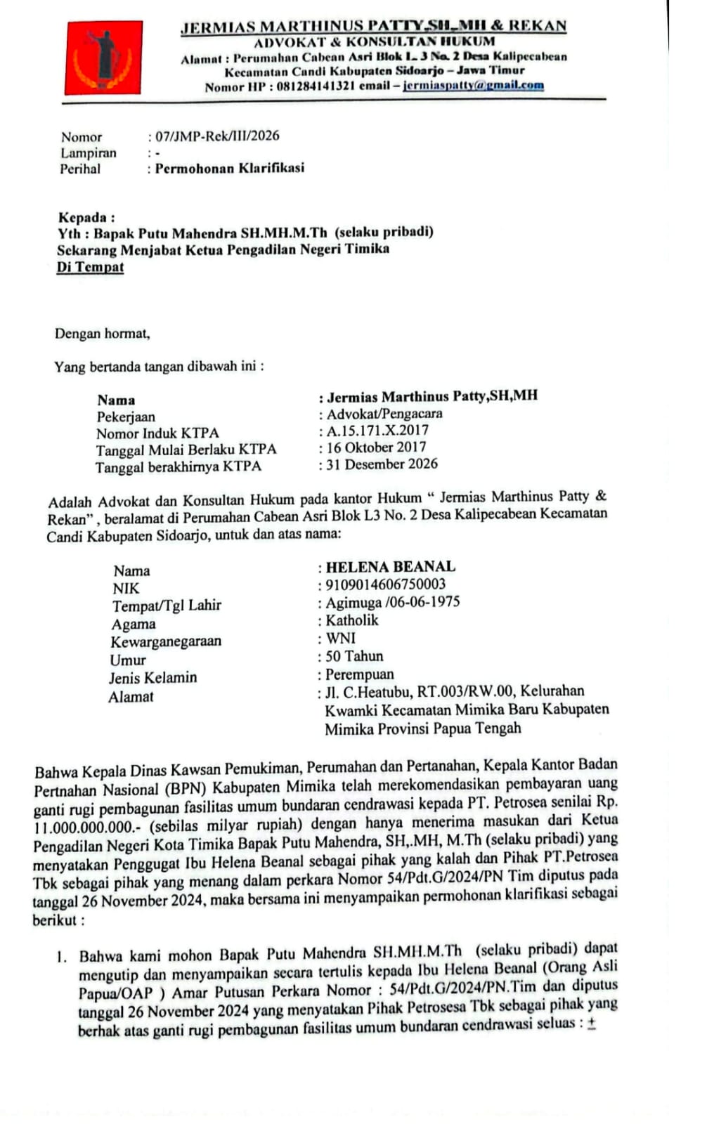 Kuasa hukum Helena Beanal, Jermias M. Patty, menyoroti isi Surat Bupati Mimika Nomor 900.1.1.4/0797/2023 tentang Penetapan Pagu Anggaran Perubahan OPD TA 2025.
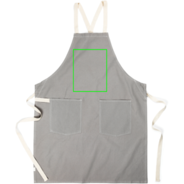 Apron made from 70% certified recycled cotton from suppliers' cotton waste. Fibres that are usually considered unusable have, with the appropriate manufacturing process, achieved the desired properties. This apron is extra wide to provide maximum protection. Two large front pockets and a loop for hanging utensils or a tea towel.
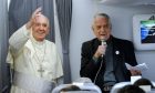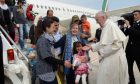 Three refugee families, including six children, boarded the Pope's plane for Rome at the end of his short visit on April 16.
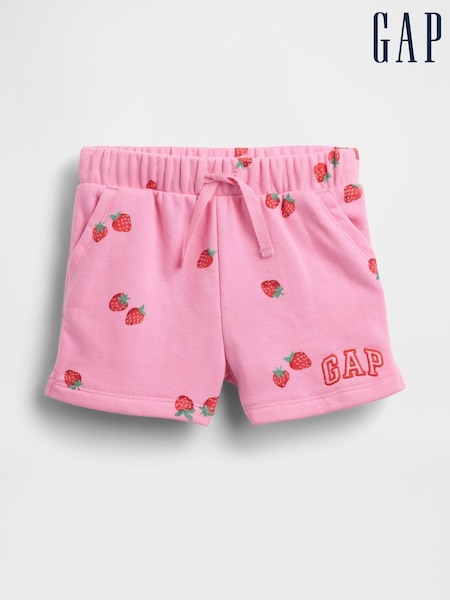 Gap Pink Strawberry Logo Pull On French Terry Shorts (6mths-5yrs)
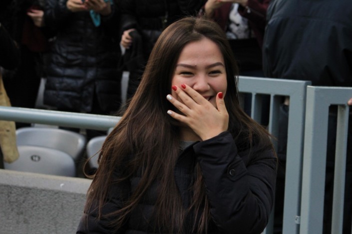 Болельщик сделал предложение девушке на футбольном матче в Астане
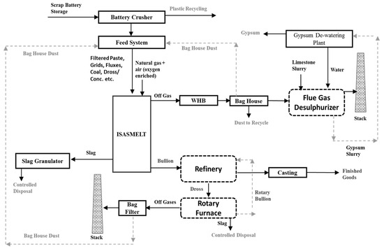 - Ramus, K.; Hawkins, P. Lead/acid battery recycling and the new Isasmelt process. J. Power Sources 1993, 42, 299–313. [Google Scholar] [CrossRef]
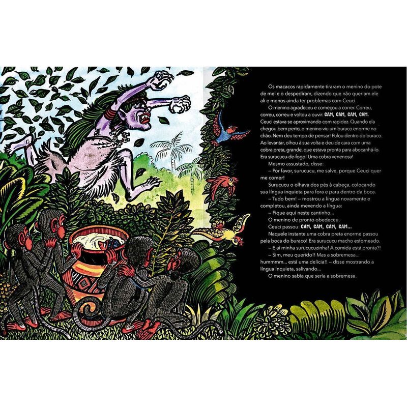 CEUCI, A MAE DO PRANTO e uma lenda do povo Anambe, natural do norte do Para, narrada agora pelo escritor Cristiano Wapichana, Nela, um curumim ( menino, na lingua tupi) sai para pescar na floresta que comia tudo o que via pela frente. Ate gente! Corajoso, ele se julgava mais esperto do que todos. No momento, mal sua jornada comecou e o pequeno curumim avistou Ceuci sobre a sua canoa. Uma senhora gulosa, a Mae do Pranto, devorava peixes sem parar e, quando mais comia, mais fome tinha. Nao tardou para ela descobrir ganha um grande suspense, com a perseguicao de Ceuci atras do esperto curumim. Essa aventura na floresta e cheia de armadilhas que levarao nosso personagem a muitas descobertas com um final inesperado e emocionante!
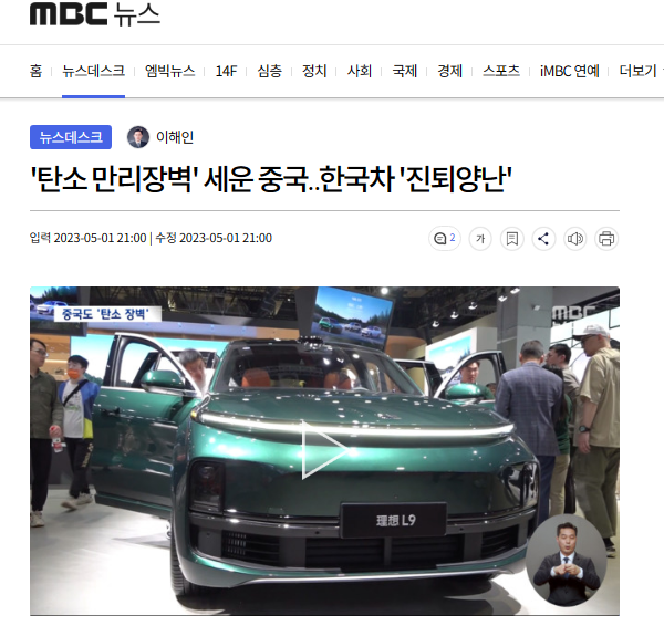 2023年5月1日、韓国・MBC NEWSは「今年1~3月期に過去最高の業績を上げた韓国の自動車メーカーだが、唯一中国市場では苦戦しており、かつて10%を超えていた市場シェアは昨年に1%まで低下した」とし、「中国は電気自動車(EV)産業育成のため新エネ車の義務割合を強化し続けており、韓国メーカーの厳しさはさらに増している」と伝えた。
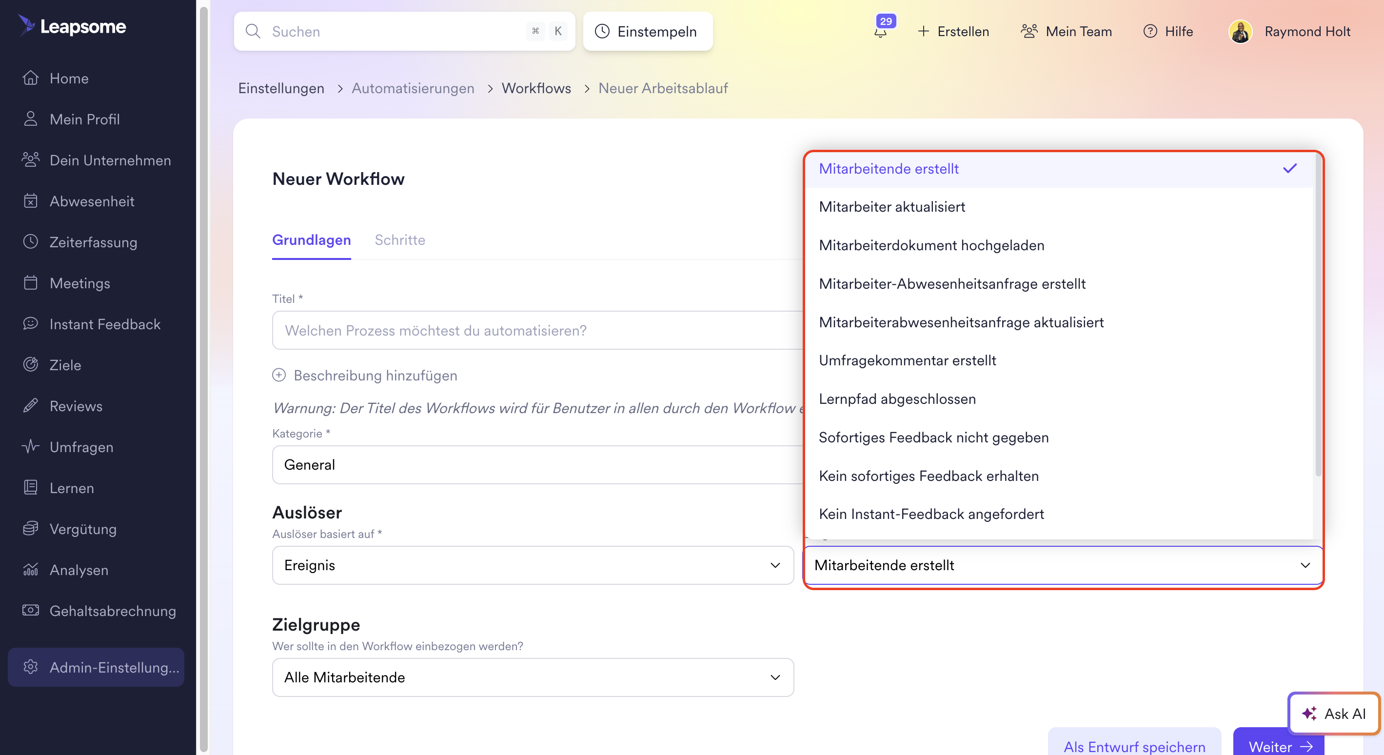 Wenn ein Workflow ausgelöst wird, werden die entsprechenden Aktionen ausgeführt, wie sie in der Workflow-Konfiguration definiert sind. Zum Beispiel können wir bei einem Workflow zur „Geburtstagsfeier“ Schritte hinzufügen, etwa: „Benachrichtigung senden“ und einen datumsbasierten Auslöser für den Geburtstag von Mitarbeitenden auswählen. Wenn das Leapsome-System einen bevorstehenden Geburtstag von Mitarbeitenden erkennt, wird es den bestehenden Workflow scannen und den festgelegten Richtlinien folgen. Abgeschlossene Workflow-Schritte werden unter den eingeschriebenen Nutzenden im Workflow aufgeführt, um ein Audit-Log zu verwalten.
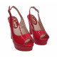 SANDALIA DE PUNTA ABIERTA DE CHAROL ROJO CON CORREA EN EL TOBILLO. TACÓN DE 12,5 CM Y PLATAFORMA DE 3 CM. ARTESANÍA
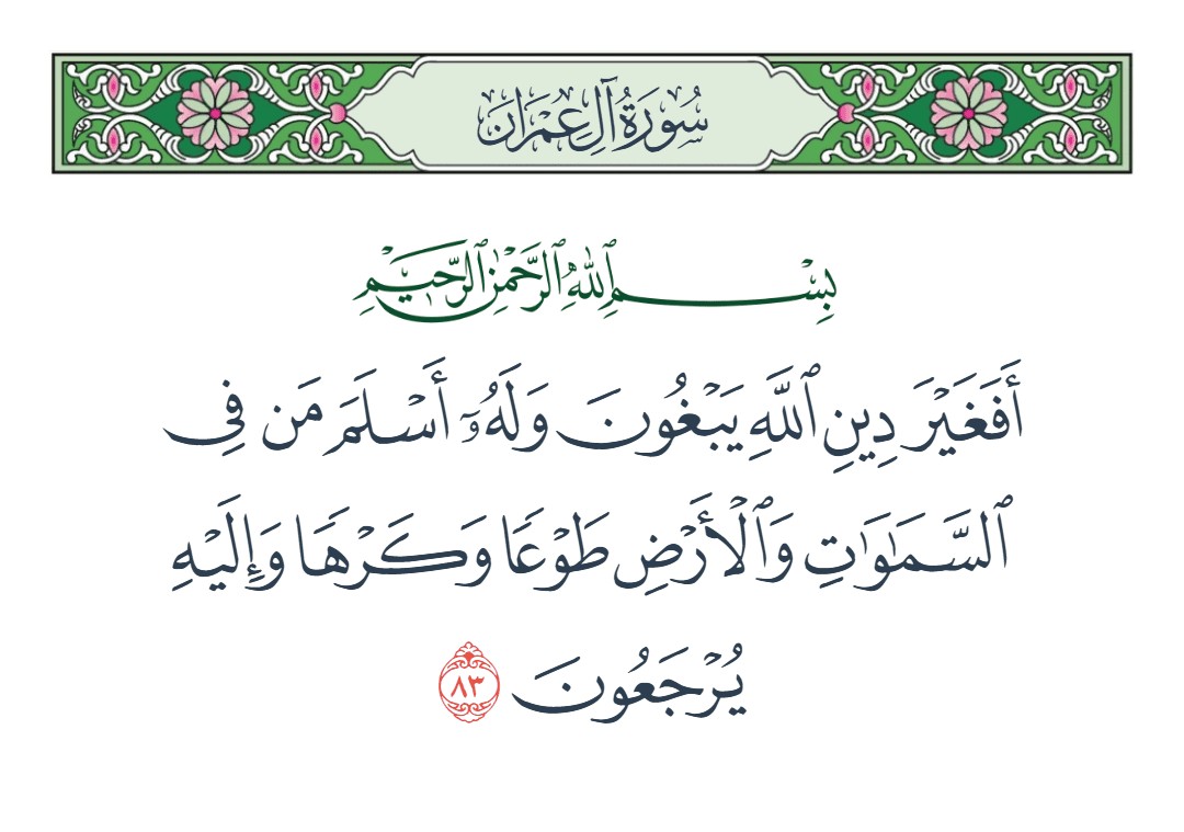 أفغير دين الله يبغون وله أسلم من في السماوات والأرض طوعا وكرها وإليه يرجعون [آل عمران : 83]

---------------

Reproduce the material above from its first line through the line containing "- Ramus, K.;", both ends included, and skip every picture.

 Kuasa hukum Helena Beanal, Jermias M. Patty, menyoroti isi Surat Bupati Mimika Nomor 900.1.1.4/0797/2023 tentang Penetapan Pagu Anggaran Perubahan OPD TA 2025.
 Apron made from 70% certified recycled cotton from suppliers' cotton waste. Fibres that are usually considered unusable have, with the appropriate manufacturing process, achieved the desired properties. This apron is extra wide to provide maximum protection. Two large front pockets and a loop for hanging utensils or a tea towel.
 Three refugee families, including six children, boarded the Pope's plane for Rome at the end of his short visit on April 16.
 Gap Pink Strawberry Logo Pull On French Terry Shorts (6mths-5yrs)
 Болельщик сделал предложение девушке на футбольном матче в Астане
 - Ramus, K.; Hawkins, P. Lead/acid battery recycling and the new Isasmelt process. J. Power Sources 1993, 42, 299–313. [Google Scholar] [CrossRef]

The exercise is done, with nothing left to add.